Il Napoli martorizzato a Bergamo da un’Atalanta mai doma si specchia nel volto di Gattuso: spento, nervoso, sguardo quasi rassegnato. Ricordate Ringhio in panchina prima dell’estate? Era un leone in gabbia, trasmetteva la sua decantata grinta con un battito di ciglia. Oggi il suo Napoli, malaticcio e fragile, è ridotto al minimo dei minimi da una preparazione evidentemente sbagliata dello staff tecnico, e da una gestione da parte del medico sociale da discutere a lungo. Ai tempi del dottor De Nicola, gli infortuni erano un episodio raro. Oggi la quantità imbarazzante di acciacchi seriali, che si accumulano gli uni sugli altri, fanno quasi pensare a una iettatura.
Ma così non è. Non siamo ai tempi delle streghe. Piuttosto Raffaele Canonico, medico sociale subentrato a De Nicola (per espresso volere di Ancelotti, ndr), non può non aver sbagliato più di un approccio, altrimenti la squadra non perderebbe pezzi come una vecchia carretta in balìa di una tempesta. E’ vero si gioca ogni tre giorni, il calendario quest’anno è asfissiante, ma nessuna squadra in Italia ha il numero degli infortuni del Napoli. A Bergamo si è fermato pure Insigne, poco prima di scendere in campo. Poi Osimhen è caduto esanime, e questa è iella pura.
Altra storia.

La partita: Napoli reduce da 3 ko esterni di fila, fra campionato e Coppa, Atalanta che non vince in casa da tre turni. 
Avvio del Napoli tutt’altro che da cuor di leoni. Subisce da subito. La fase offensiva degli azzurri è vaporosa, fa appena il solletico ai bergamaschi per un tempo intero. Il Napoli si muove trafelato, sembrano undici convalescenti, anche quelli che-fra virgolette, stanno bene. Va sotto, ma il redivivo Politano ricama per Zielinski. E fa 1-1. Gli azzurri si destano, rientrano in partita. Ma nel momento loro migliore, quando paiono girare attorno alla prospettiva di un miracolo, vengono travolti. La superiorità del gruppo di Gasperini è stata schiacciante. Il Napoli in due frangenti ha illuso di  poter rientrare in corsa, ma poi si è sfasciato. Divario tecnico evidente fra un’Atalanta in discreta forma e un Napoli che ha mezza squadra in infermeria ed il morale sotto i tacchetti.
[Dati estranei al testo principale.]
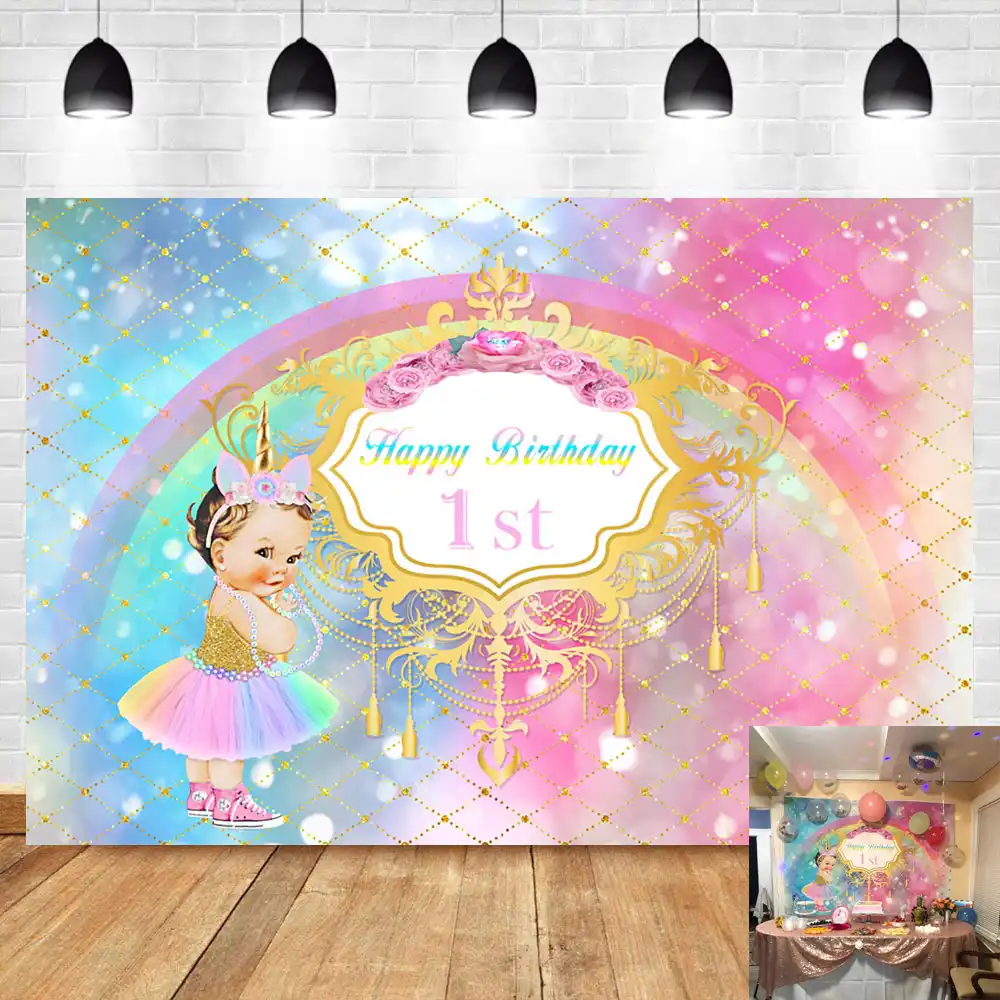 Amazon Com Csfoto 7x5ft Happy 1st Birthday Backdrop Unicorn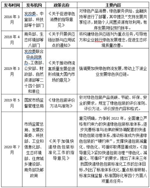 近年來(lái),對(duì)于電子商務(wù)行業(yè),我國(guó)政府部門(mén)發(fā)布系列相關(guān)政策,指引和倡導(dǎo)電商企業(yè)在綠色消費(fèi)、綠色包裝、綠色物流、綠色供應(yīng)等方面做出行動(dòng)來(lái)減少碳排放量。主要政策梳理如下: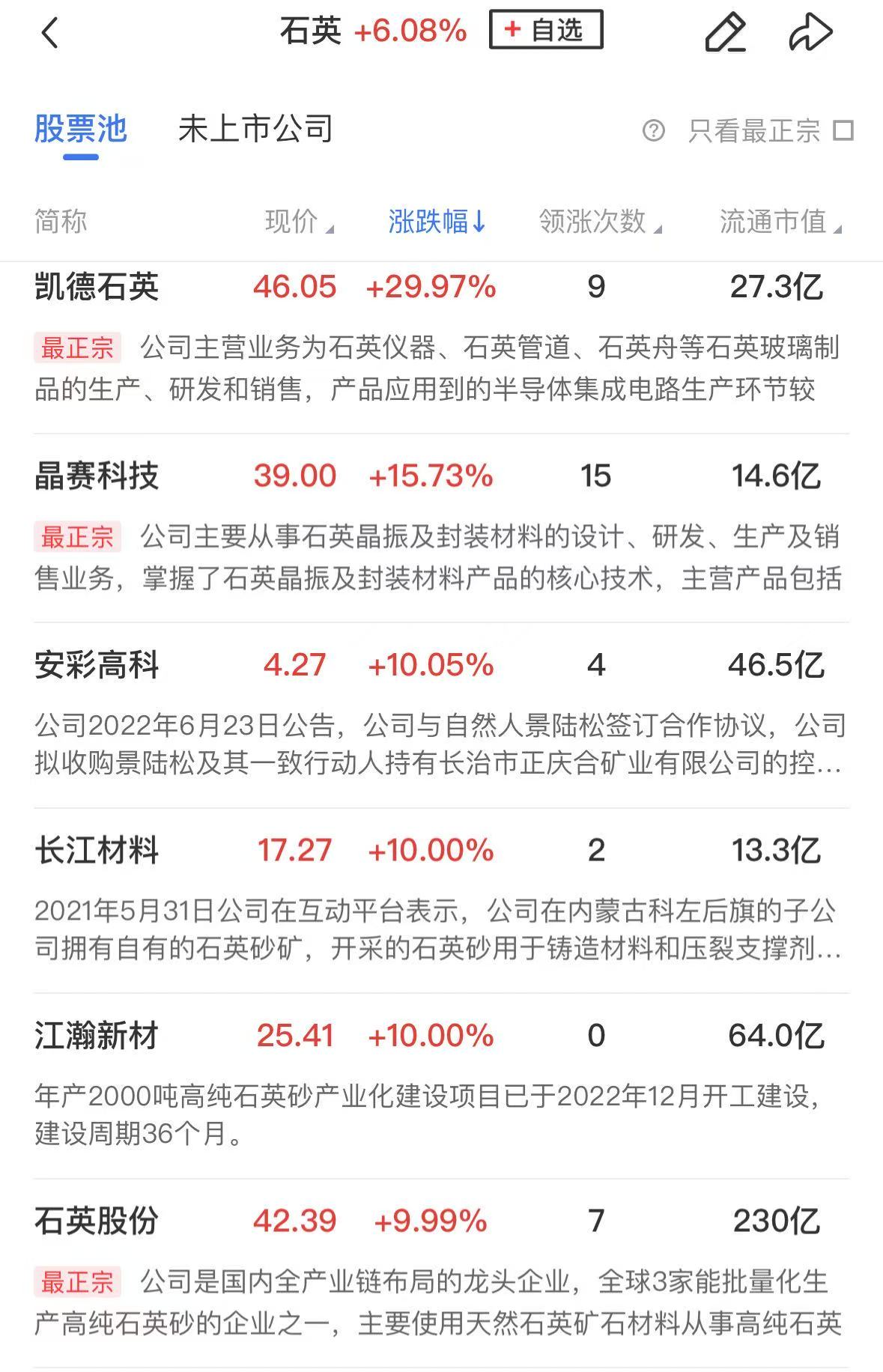 石英概念股再度走强,其中石英股份3连板,欧晶科技2连板,凯德石英、安彩高科、长江材料涨停,壹石通、晶赛科技、中旗新材、凯盛科技等跟涨。消息面上,4月10日,自然资源部发布的《新发现矿种公告》显示,我国在河南东秦岭地区、新疆阿勒泰地区新发现高纯石英矿。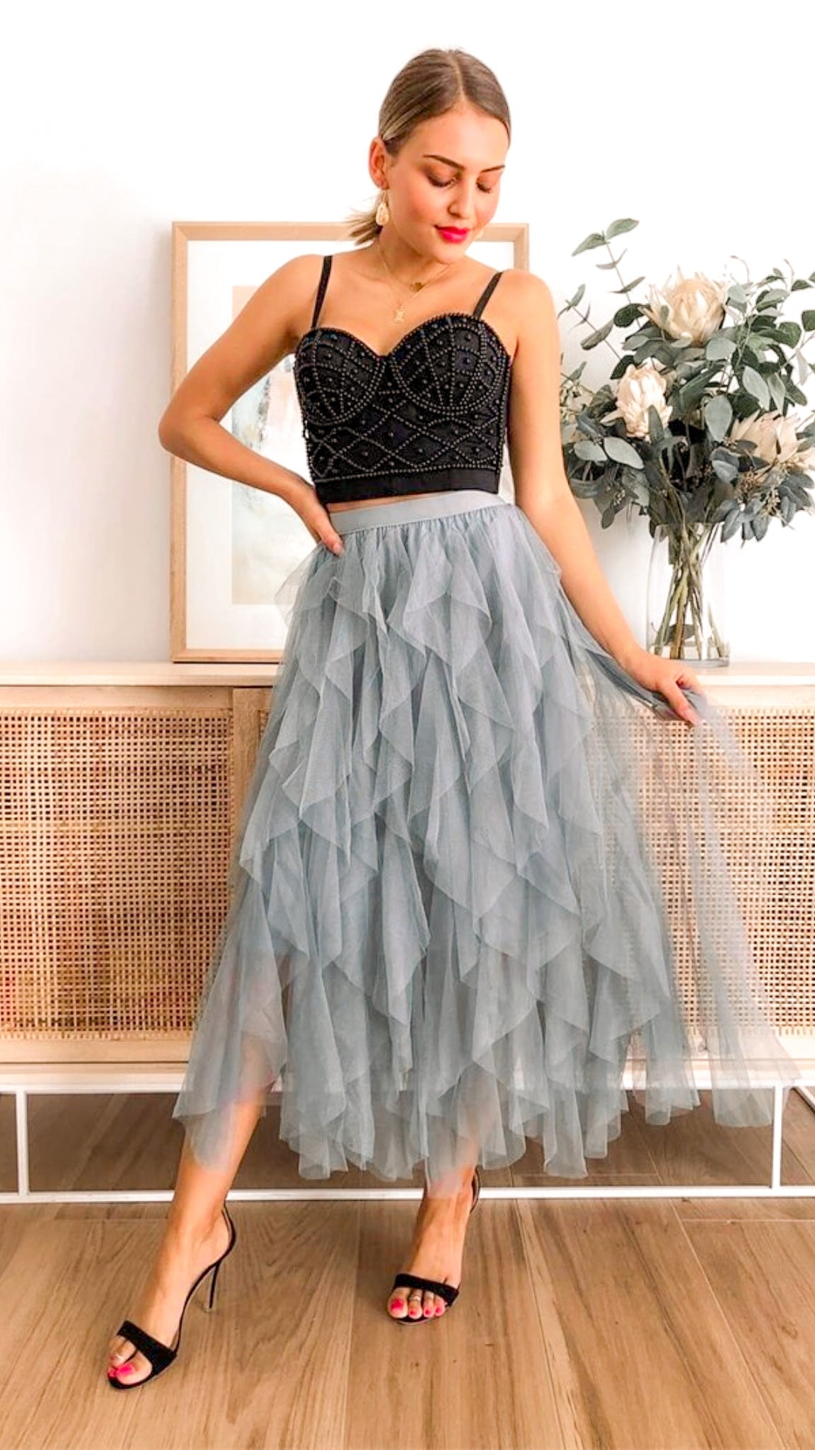 This elegant, flowing skirt is perfect for any special event, giving you a unique and eye-catching style. Its lightweight fabric is soft and comfortable, making it a pleasure to wear all night long. Make a lasting impression with Arabelle.

Capitolo Osimhen: delude ancora il nigeriano. Perde palla, sbaglia gli appoggi, non affonda mai gli artigli. Romero lo contiene alla perfezione, senza spolmonarsi. Il nigeriano è stato un cliente facile facile. Si teme quasi Osimhen peggiori di gara in gara, al posto di ritrovare la condizione va all’indietro. A Bergamo, di lui si ricorda solo un colpo di testa scheggiato da Romero appunto, nel primo tempo, e troppo poco altro. Fa notizia piuttosto il brutto colpo che lo ha mandato d’urgenza in uno degli ospedali più travagliati d’Italia. Il ragazzo è tormentato da sfortuna epocale, ma da parte sua è la quarta volta che parte titolare e ha puntualmente fatto il solletico alle retroguardie avversarie. Ci si aspetta molto di più da lui. Per ora, poiché è ancora lontano dalla forma, che almeno un guizzo, un tiro decente, un affondo lo facccia. Invece, gira troppo a vuoto.Se l’attacco non punge, la difesa è comica. Certo, mancano i centrali titolari ma gli esterni e soprattutto Maksimović e Rrahmani, che tanto avevano fatto bene contro la Juve ma solo in quell’occasione, sono di un’inaffidabilità disarmante. Su ognuno dei 4 gol dell’Atalanta c’è stata un’evidente defaillance difensiva. Meno forse sul primo, dove Mario Rui ha appena visto decollare il gigante Zapata. Gravi quelle sui tre successivi. Difesa che ha subìto sei gol negli ultimi 180′. Come sempre poco protetta da un centrocampo sguarnito. E flaccido. Vedesi quel passaggio all’indietro di Bakayoko, uno che a volte pare stia in campo con le cuffiette nelle orecchie. Teorema Gattuso del 4-2-3-1, un fallimento negli ultimi mesi.
Da esonero immediato.
Aggiungiamo che per il Napoli si tratta della sesta sconfitta in campionato nelle ultime 12. Una media che a tutto fa pensare fuorché a una qualificazione Champions. In una stagione in cui si perdono pezzi (infortuni continui) e ogni progetto gli sfugge di mano, il Napoli si avvia ad essere fuori da tutto. Da ogni ambizione annuale. E’ meglio non parlarne.
E difatti è scattata, puntuale, l’ora del silenzio stampa.